So if you know you have to write an application meant to run 24/7/365, its better to code some decent debugging into it right from the start. The following section contains some tips & source code that might help you out. The really good tips are left for last...
Tips 1 to 5 covers memory leak prevention.
Tips 6 to 8 covers memory leak detection.
Tips 9 to 10 covers good programming.

Tip 1:  As soon as you allocate memory for a resource, include a try..finally block and free the resource in the finally section before even writing any other lines of code.

Tip 2: Interfaces are very useful since they are guaranteed to be freed. The following tip was taken from a Borland newsgroup, and full credit goes to the original author - although I can not recall right now who it was.
With this you can eliminate the try..finally block completely and create more readable code. (Although this point is debatable - I sometimes like the try..finally blocks since they provide a clear view of the expected life-time of an object)

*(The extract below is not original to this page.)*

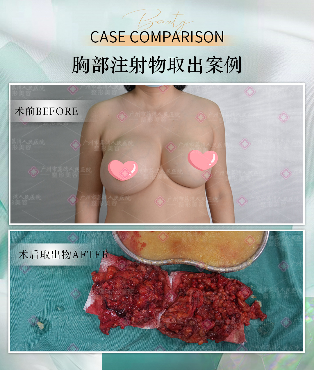对此,广州市奥美定修复技术研究院(原广州荔湾区人民医院)整形美容失败修复医师表示,不明注射物取出率很重要,爱美者务必选择有资质、实力和技术的正规公立医院,尽早将不明注射物取出来。切勿存有侥幸心理,长期留存注射物在体内。一旦发生癌变或感染,将会让爱美者后悔莫及。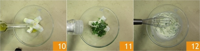 Mettez dans un bol le fromage de chèvre, un filet d'huile 10, du persil haché, une pincée de sel 11 et du poivre. Mélangez bien avec un fouet 12,

This trick involves creating an interface that will automatically free the object assigned to it when the interface is destroyed.
I like to call these "Fire-and-forget" objects and pointers...

Thus:


var
  FList : TStringList;
begin
  {See Condoms.pas for the implementation of AutoFree}
  FList := AutoFree(TStringList.Create).Data; {Fire-and-Forget object}

  FList.Add('1');
  FList.Add('2');
  FList.Add('3');

  {Since the interface will be destroyed here, the FList object will also get freed}
end;

Tip 4: The same trick as above can be used for pointers. I've created a slightly modified version of GetMem called GetMemEx that will automatically free any resources allocated by it.

Example usage:


procedure Foo;
var
  Data : Pointer;
begin
  GetMemEx(Data,SizeOf(TMyRecord)); {Fire-and-Forget Pointer}

  with TMyRecord(Data^) do
  begin
    Name := 'John';
    Age := 32;
    Memo1.Lines.Add(Format('Name: %s, Age: %d',[Name,Age]));
  end;

 {Memory will automatically be freed here}
 {See Condoms.pas for the implementation of GetMemEx}
end;

Tip 5: Tips 1 to 4 is only useful for resources allocated and freed inside the same procedure. And leaks of these kinds are usually pretty easy to find as well.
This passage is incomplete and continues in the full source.